Masques, tests ou encore risques de contamination, de plus en plus de parents s'interrogent sur le retour à l'école. Certains ont décidé de franchir le pas en faisant l'école à la maison.
Emeline est maman de trois petites filles, de 6 et 4 ans. Cette année, en plus de la casquette de mère, elle endosse celle de professeur. Elle n'envisage pas de remettre ses enfants à l'école. "Ce qui me dérange, c'est que mes enfants soient entourés de personnes portant le masque. Elles ne voient plus les sourires, je ne veux pas qu'elles vivent dans la peur", explique la mère de famille.
Interrogation sur les réseaux
Emeline a lancé un appel sur Facebook, il y a quelques semaines, pour trouver d'autres familles qui ont décidé, comme elle, de faire l'instruction en famille. Et elle n'est pas la seule. Sur les réseaux sociaux, certains parents s'inquiètent des conditions de reprises. "J'ai peur que mes enfants aient à passer des tests Covid ou qu'ils soient éloignés de ses copains", peut-on lire sur certaines publications.D'autres parents appréhendent à l'inverse, la contamination de leurs enfants. "Même s'ils ne sont que des porteurs sains, je crains pour ma santé", explique une maman, considérée comme personne fragile.
La scolarisation étant obligatoire dès 3 ans, ceux qui ont fait le choix d'une " Instruction en Famille " (IEF) doivent déclarer leur situation au rectorat. Après une vérification des aptitudes des parents et de la situation familiale, une inspection est organisée, chaque année.
Du temps et de la pédagogie
Franchir le cap de l'instruction en famille ne se fait cependant pas sur un coup de tête. Ses filles en grande section de maternelle et en CP, Emeline s'est équipée en jeux et activités manuelles. Un tableau "pour faire la maîtresse" devrait arriver d'ici quelques jours."J'ai des puzzles, de la peinture. En grande section, ce sont surtout des activités pour éveiller la motricité par exemple.
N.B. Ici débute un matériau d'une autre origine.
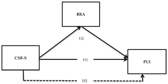 Proposed research model: This figure is based on the authors’ conception that contains three variables. There is the independent variable, CSR-S at the extreme left side, and at the extreme right side of the figure, there is the dependent variable PUI. In the middle of the figure, there is the mediating variable BRA.
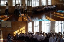 Сегодня в школе состоялась спортивная викторина "Школа здорового образа жизни". Ребята были разделены на две команды, где впоследствии выявилась команда победителей. Воспитанники с удовольствием отвечали на интеллектуальные вопросы и показывали свои умения и таланты в спорте. Все участники спортивной викторины были награждены поощрительными призами.
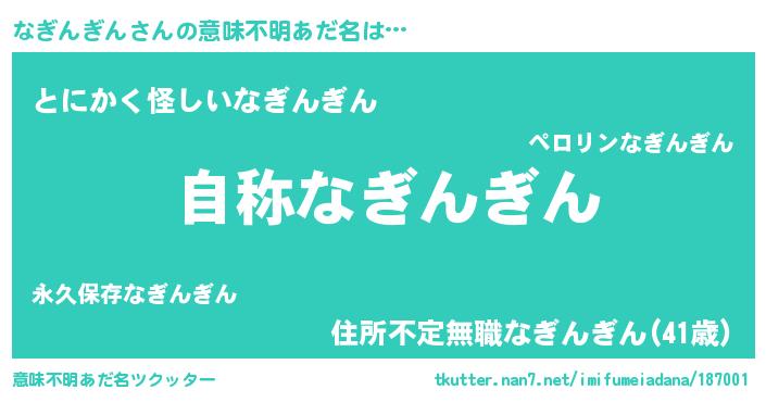 | 男性向けラノベタイトル風あだ名 | 『Re:なぎんぎんから始める異世界生活』 |

Pour ma plus grande, j'ai acheté un cahier qui reprend tout le programme afin qu'elle ne soit pas en décalage", explique la maman.
Emeline s'est inspiré des pédagogies Montessori, pour se former à la pédagogie. "J'essaie d'aller au rythme de mes filles, de ne pas les brusquer et d'utiliser mon environnement pour rendre les exercices plus ludiques", explique la mère de famille.
Une situation qui n'aurait pourtant pas été possible sans se dédier complètement à cette activité. "J'ai une formation d'esthéticienne, mais depuis le confinement, je n'ai pas pu reprendre mon activité. Je devais reprendre à la rentrée, mais j'ai préféré me consacrer à mes filles", explique Emeline.
La socialisation en ligne de mire
Aujourd'hui, la jeune maman souhaite trouver d'autres familles dans sa situation, pour que ses enfants puissent sortir du cadre familial. "Je suis dans une association d'école à la maison. Avec d'autres mamans, nous nous retrouvons à la ludothèque ou dans des parcs pour que nos enfants se rencontrent et se sociabilisent", explique Emeline.Cette socialisation est primordiale pour François Dubet, sociologue spécialisé dans les questions d'éducation. "Je pense que les enfants ont besoin de voir d'autres personnes que leurs parents, des gens qui n'ont pas la même culture qu'eux. Les petits ont tout intérêt à voir les autres pour sortir de la bulle familiale, mais cela devient vital pour les adolescents. Quel que soit l'âge, on a besoin de vivre ensemble, de se frotter aux autres et de prendre des coups parfois ! C'est comme ça que l'on se construit", assure le sociologue.
N'est pas prof qui veut
Une situation qui s'est illustrée pendant le confinement : ils ont été nombreux à regretter leurs camarades. "Les élèves ont certes souffert de l'absence de cours de maths, mais, massivement, ce dont ils ont souffert, c'est de ne plus voir les autres. La preuve, ce matin, les enseignants et eux-mêmes étaient contents de se retrouver", précise François Dubet.Si l'instruction en famille semble devenir une véritable alternative, les spécialistes alertent sur les compétences pédagogiques des parents. "Certaines années charnières ne doivent pas être négligées et il n'est pas donné à tout le monde de devenir professeur", avertit François Dubet.
De son côté, Emeline envisage de remettre ses enfants à l'école, "si les protocoles s'allègent et que les masques ne sont plus obligatoires".